문제출처
광주과학기술원 GIST 최정옥 교수님의 “그래프 이론” 수업, 2024년 가을학기 중 Homework 5
풀이
(a)는 삼각부등식. 이전 풀이 참고.
Proof:
If there is no path $a \dots b$ or path $b \dots c$, then $d(a, b)$ or $d(b, c) = \infty$, so the inequality is trivially satisfied.
Otherwise, there exists a path $a \dots b$ of length $d(a, b)$ and a path $b \dots c$ of length $d(b, c)$. We may compose these two paths to form a longer walk $a \dots b \dots c$ of length $d(a, b) + d(b, c)$.
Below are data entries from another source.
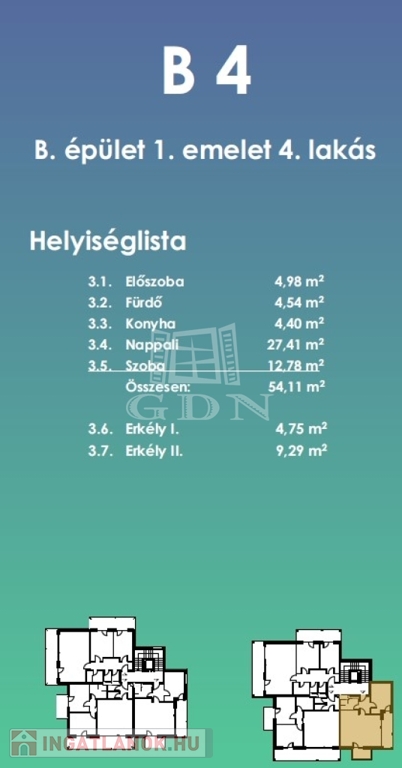 49, 54, 71, 80 nm2 méretű ingatlanok közül lehet választani. Földszinti lakások saját terasszal és kertrésszel míg az 1. és 2. emeleti lakások nagy teraszokkal rendelkeznek.
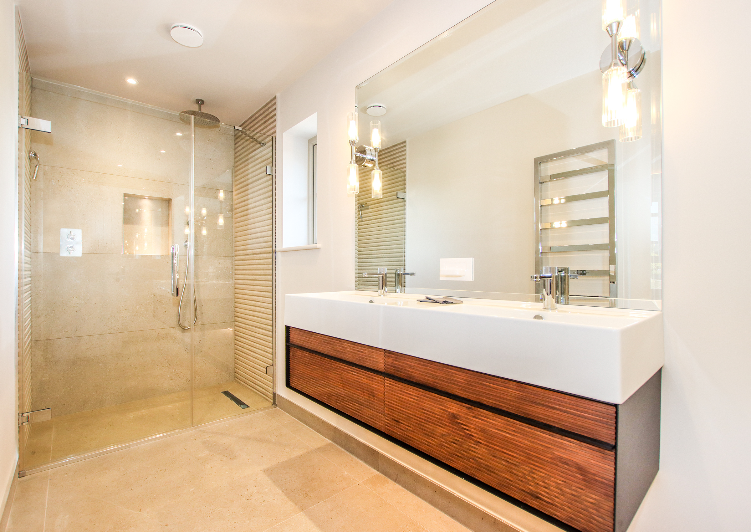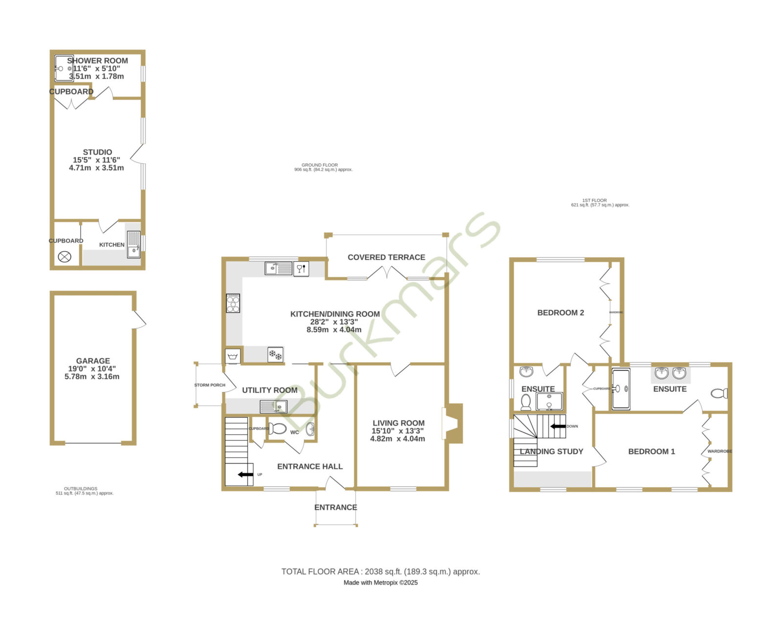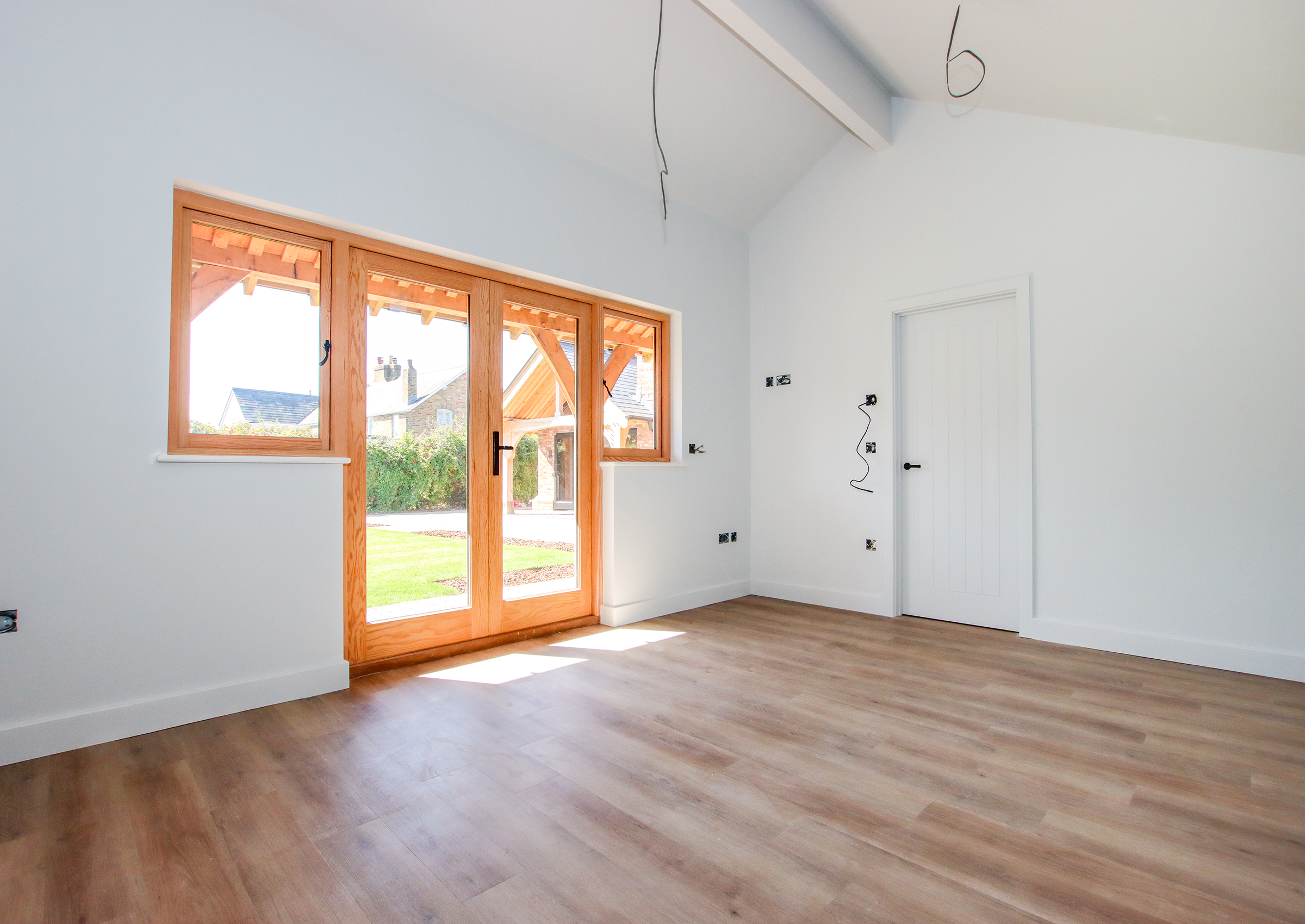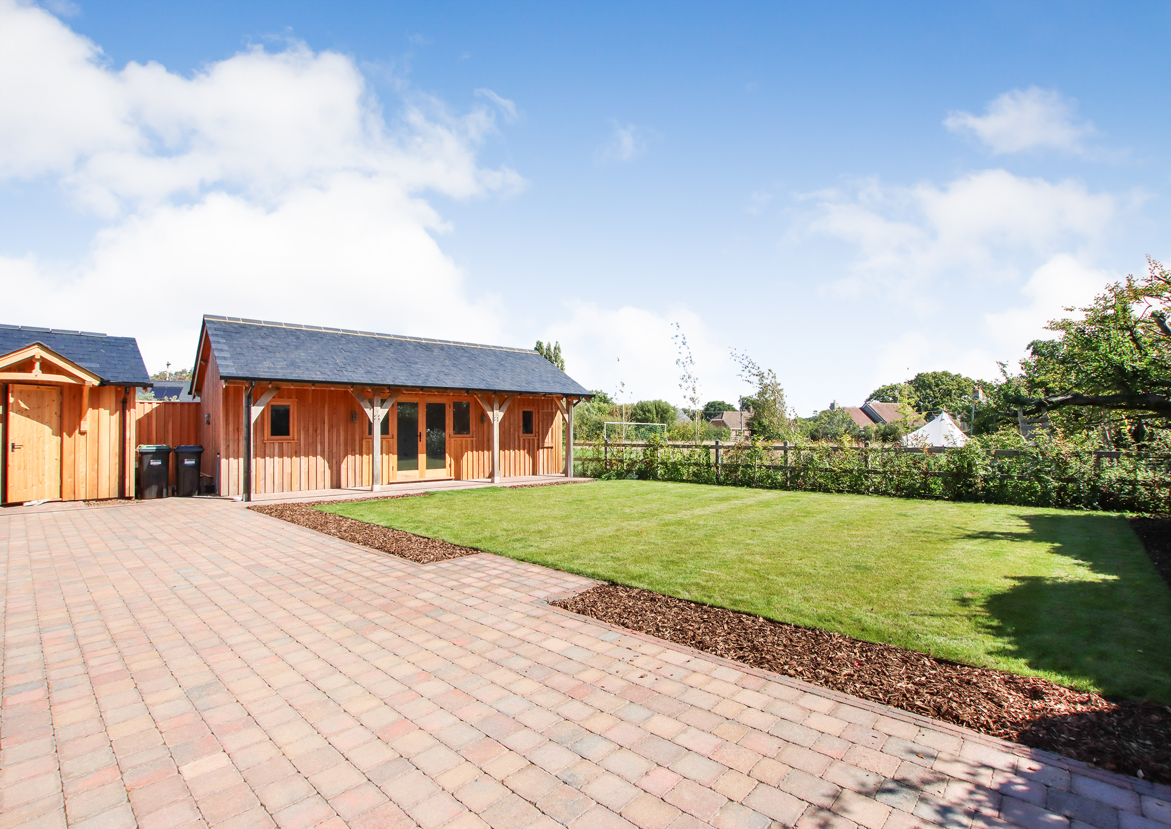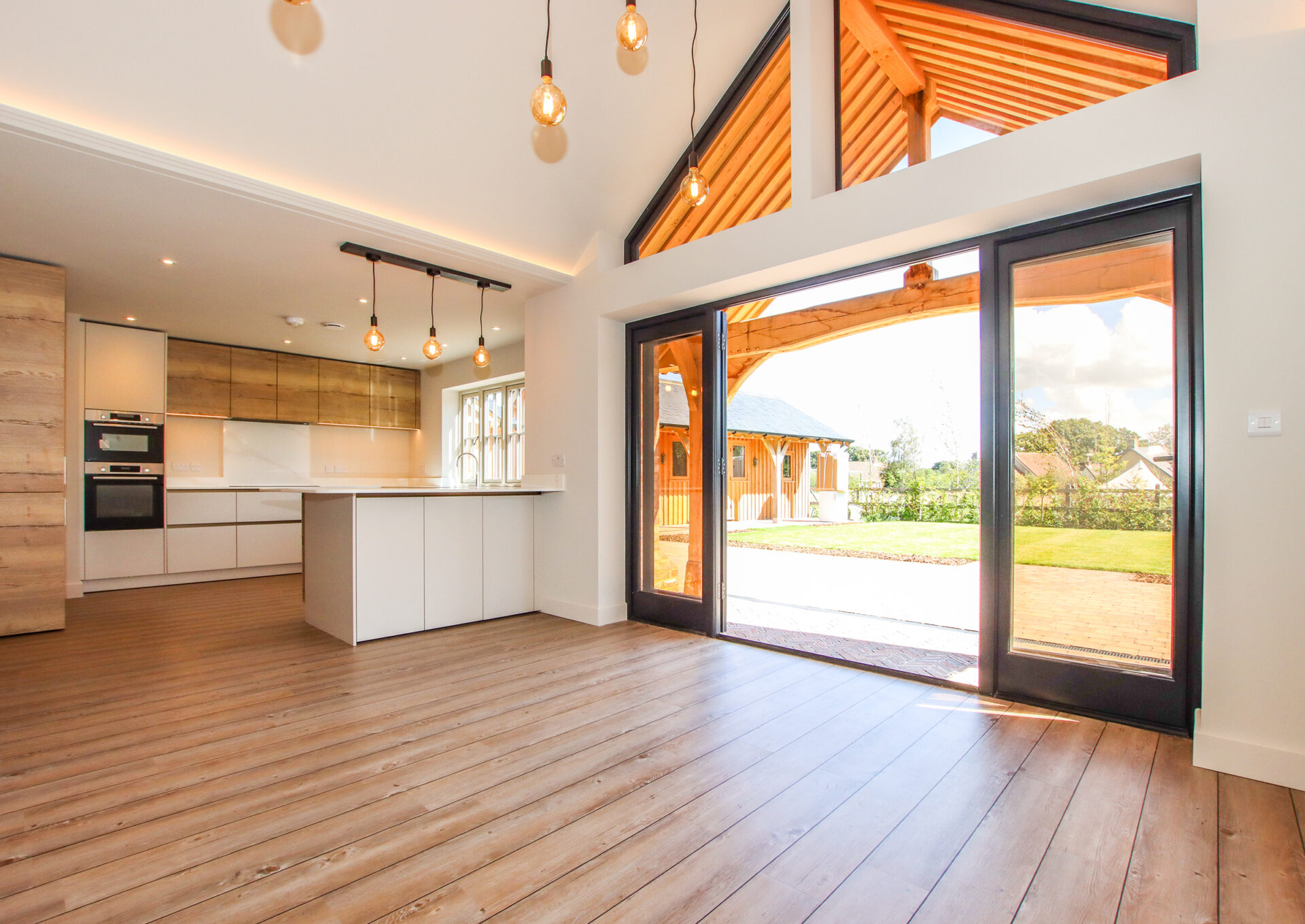 No expense has been spared in the creation of this bespoke home, where craftsman builders have lavished care and attention on every element. High quality materials are evident throughout, including oak-framed porches and individually made hardwood windows. A custom blended, colour-drench paint scheme throughout ties the finish together. Designed to be as practical as it is beautiful, the property incorporates modern, energy efficient systems including an air source heat pump, air circulation system, solar panels with battery storage and a pressurised hot water system. From the moment you step inside, the forest comes into view from a variety of aspects, bringing the setting into the heart of the home. The approach is through a sliding electric gate to a gravel driveway leading to the garage. with landscaped pathways to the front porch or side entrance. An EV charging point is also provided Inside, the light-filled hallway enjoys a view across the forest, there is a guest cloakroom with WC and a staircase rising to the first floor with a cupboard beneath housing the solar battery storage. Underfloor heating runs beneath Karndean flooring throughout the ground floor. The living room has a forest outlook to the front, complimented by a feature fireplace with a lined chimney ready for the installation of a wood-burning stove. A sliding pocket door opens into the dining area, a striking space with vaulted ceiling and French doors to the covered terrace. This flows into the kitchen, which has been fitted to a superb specification with Austrian cabinetry, a larder unit with power and lighting, quartz surfaces, a peninsula breakfast bar and a full range of Bosch integrated appliances including induction hob, double oven, fridge, freezer and dishwasher. The utility room provides further storage and space for laundry appliances, along with the plant cupboard housing the systems for the property. A side door opens from here to the drive and garage. A short path leads to the guest suite, a beautifully crafted oak-framed studio with Douglas fir cladding. This independent space has its own plant room, fully fitted kitchen, shower room and a main room with French doors to the terrace and garden, ideal for guests or extended family. Upstairs, the landing features a study area with fitted cupboards and a desk, set beneath a window framing views of the forest. The main bedroom is an elegant room, again looking out to the forest with bespoke wardrobes and an en suite shower room with twin basins. The second double bedroom also has a full range of wardrobes, its own en suite shower room and enjoys garden views. The main garden lies to the rear, enclosed by the main house and guest suite, creating a lovely setting. There are paved terraces in herringbone brick and blockwork, with lawn and borders. The property further benefits from mains drainage, offering convenience alongside its modern, energy-efficient systems.
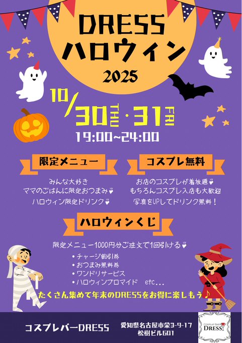 栄・大須・金山 コスプレバー DressDRESS ゆず🧸🍼@yz_dress·10月30日今日はこれ!引用コスプレバーDRESS@cosplaybardress·10月30日⭐️本日10/30(木)のスタッフ⭐️ 🩷ゆず 🤍あんず 【本日開催】 🎃#DRESSハロウィン2025🎃 👻限定メニュー公開4394
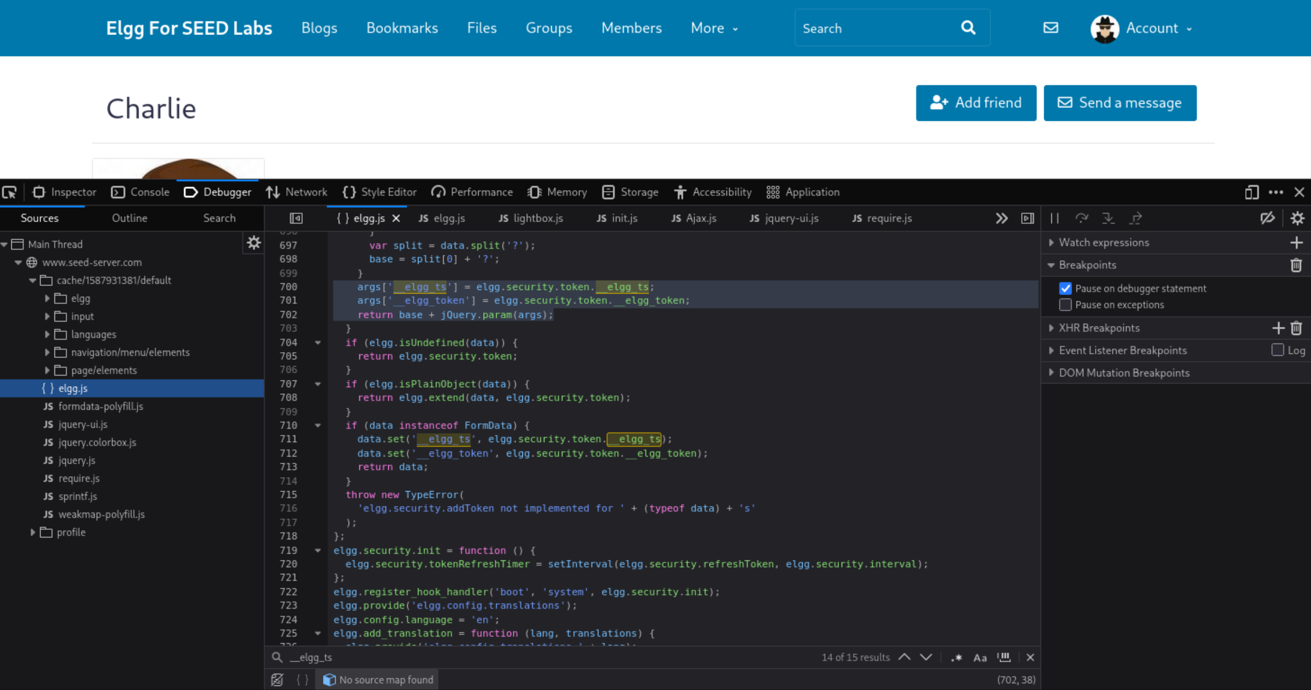 These parameters are dynamically generated by JavaScript, so hardcoding them is not feasible. I crafted a script to dynamically fetch the timestamp and token, then send a friend request on behalf of the victim:

However, the distance $d(a, c)$ is the length of the shortest path $a \dots c$. Therefore, any walk $a \dots c$ is equal in length or longer than the shortest path. One such walk is the composition of the paths $a \dots b$ and $b \dots c$, satisfying the inequality:
$$
d(a, c) \leq d(a, b) + d(b, c).
$$
Thus, the triangle inequality holds. $\qed$
Now we prove that $\text{diam}(G) \leq 2\text{rad}(G)$.
Proof:
Let $a \dots b$ be the longest path in $G$. Then there always exists a vertex $c$ that is a central vertex. By the triangle inequality, we have:
$$
d(a, b) \leq d(a, c) + d(c, b). \tag{3}
$$Since $a \dots b$ is the longest path, $d(a, b) = \text{diam}(G)$. Now:
$$
d(a, c) \leq \max_{x \in V} d(x, c) = \text{ecc}(c) = \text{rad}(G), \tag{4}
$$
where the rightmost equality holds because $c$ is central.The same argument holds for $d(c, b)$.
Therefore:
$$
\text{diam}(G) = d(a, b) \leq d(a, c) + d(c, b) \leq \text{rad}(G) + \text{rad}(G) = 2\text{rad}(G). \tag{5}
$$
Thus, $\text{diam}(G) \leq 2\text{rad}(G)$, as required.
$\qed$